One of my favorite examples is “Mad About You”, a show that came along early in my scheduling career and ran for seven seasons despite having a below average test. We all loved the pilot but the testing was a disappointment. This was 1992, twenty-five years ago. The world and what was on television was different than it is today. Some of you may remember that Mad was about newlyweds Paul and Jamie Buchman. In the pilot the couple were wondering whether the spark was out of their marriage. The pilot ended with Paul and Jamie having sex on their kitchen counter while their family was in the next room of their small apartment.

That final scene put away the pilot in the eyes of the respondents to the pilot test. We really needed this show since we had  weak comedy development that year. What was clear from the testing was that the idea of a show about a recently married couple was appealing and the respondents liked the two leads. They just didn’t like them having sex on their kitchen counter. Problem solved. By the way “Mad About You was originally titled “Loved By You”. The pilot featured the James Taylor rather than the Marvin Gaye version because…. well you know. Anyway, when “Loved By You” didn’t clear I suggested, “That’s My Shiksa”. It was rejected.

The point of this is that there is an art to reading pilot testing results and often the only thing that programming execs hear is either it was a strong test or a weak test.
Strong testing pilots fail for several reasons. I have all sorts of theories as to why. The most obvious is the amount of money put on the screen for a pilot. The cost of the pilot far exceeds the budget of an episode. You often get a different director after the pilot so you have a different vision. I don’t know how many times I looked at someone in the screening room and said, “You’re never going to see that again.” A pilot can test well for several reasons but those reasons are sometimes not articulated to the producers by the creative executives and, by episode two, the show is off on a path that was not reflected in the testing.
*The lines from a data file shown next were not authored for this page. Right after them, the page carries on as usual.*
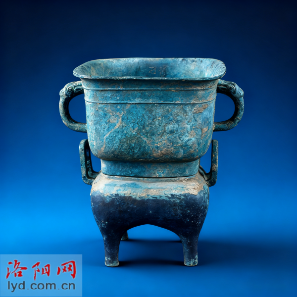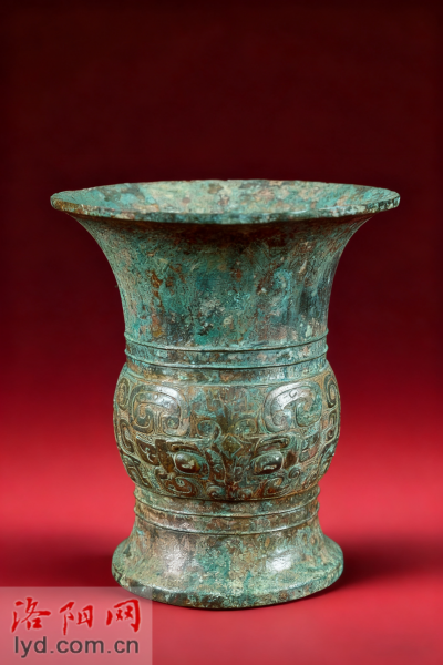青铜尊(东周至汉代),洛阳出土,器型典雅,腹部饰有兽面纹(饕餮纹),是洛阳地区该时期青铜铸造工艺与礼乐文化的典型体现,承载着东周至汉代的历史与艺术价值。拍摄于1984年3月。
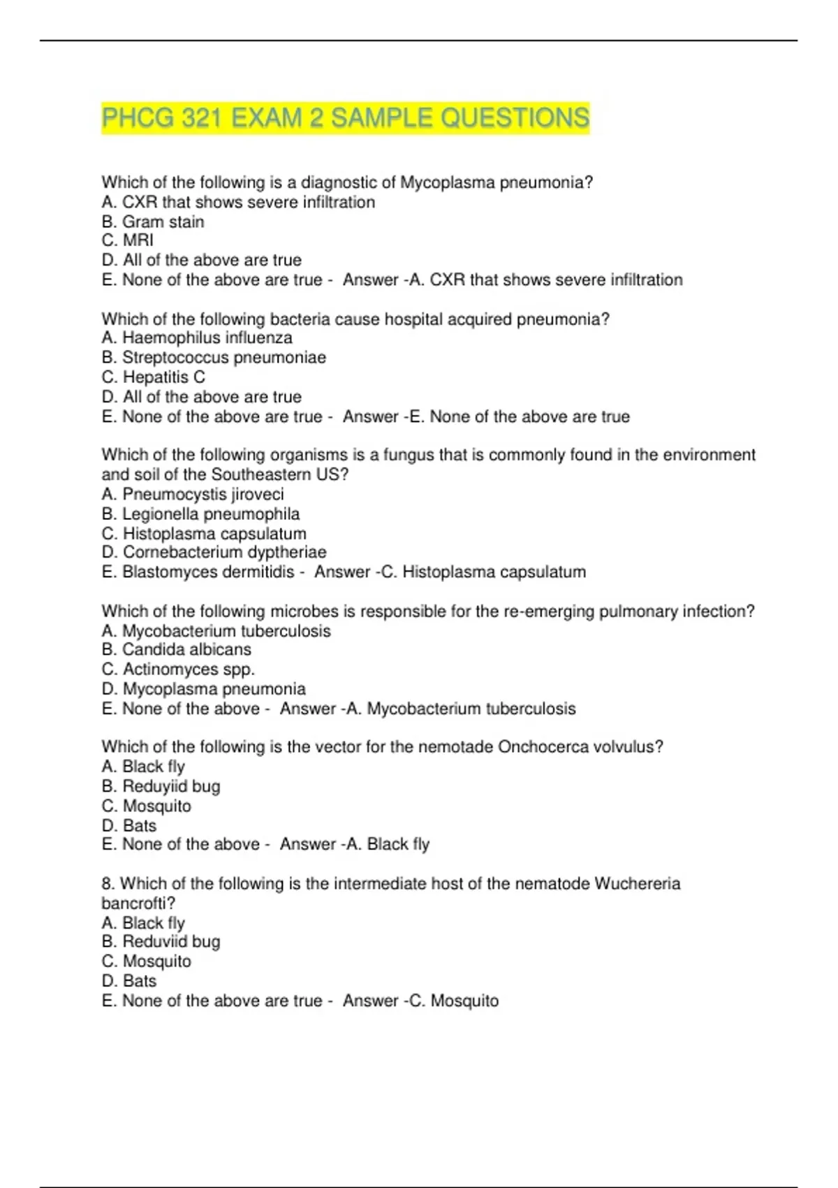 PHCG 321 EXAM 2 SAMPLE QUESTIONS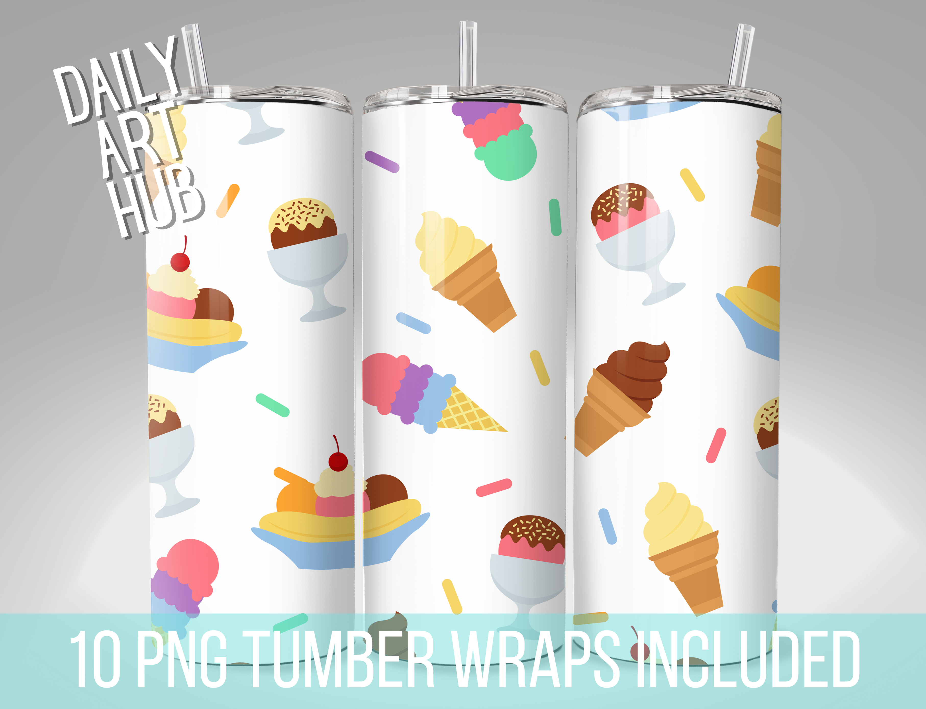 Ice Cream Shop 20 oz Skinny Tumbler Sublimation Wrap Designs 10 Included PNG

I have always believed that the genre with the largest number of false positives is Sci-Fi/Fantasy. As a group these shows test above the average for drama pilots. They are generally more expensive than more conventional pilots but they are often concept driven rather than character driven. When you look at the testing among this group of shows you often see high scores for the “idea” of the show but mediocre scores for the characters. Most other genres are character driven so if you have strong leads you can overcome a show that has a conventional idea. Weaker testing procedurals will succeed more often than Sci-Fi/Fantasy because they are more character driven. Sci-Fi/Fantasy pilots have another flaw, which is that there is often a secret driving the show and once the secret is revealed the show is over. If the secret is not revealed fairly quickly to the audience viewers often start to wonder if the creators even know where the show is heading. “Alcatraz” was a pilot that we did at FOX and it went to series although no one, including the creators, had a clue as to why prisoners were returning from the past. So a good rule for me was that any pilot where the idea scores dominated the character scores had a better than average chance of failing. I have no idea what the testing was for “Lost” but I have to believe it scored high with several characters. Over at FOX “Prison Break” hit the sweet spot of a strong idea with several strong characters. “Fringe” found that sweet spot until it went off the tracks.

Execs often get very excited about these Sci-Fi/Fantasy shows. Marketing execs love them because they generally don’t have to do much work to sell them. They are noisy. Since they generally test well (even if for the wrong reasons) program execs generally put them on the schedule in their minds even before seeing the testing. That happened this season at FOX but my favorite example was a pilot called “Them”. It was an aliens among us concept. Melva Benoit who ran FOX research and reported to me, and I scratched our heads when we read the script and felt even more certain this was a disaster once we saw the pilot. Other executives did not share that opinion. They were convinced that they had a hit on their hands. That year, for whatever reason, the top execs asked us not to reveal the testing to anyone (including them) until after all the pilots were screened. The evenings before the testing results were going to be made public Melva and I sat down with the top two programming execs to share the results. “Them” was the lowest testing drama pilot that season and one of the lowest testing drama pilots ever. That’s saying a lot for a sci-fi pilot. The next morning, after we shared the research with the larger group, we were actually accused of fixing the results. That’s how strongly some believed in this pilot. Fortunately we had video of the focus groups that showed the reaction of groups to this pilot. It was not pretty. The results of the testing and the groups were so strong that the pilot did not make the schedule.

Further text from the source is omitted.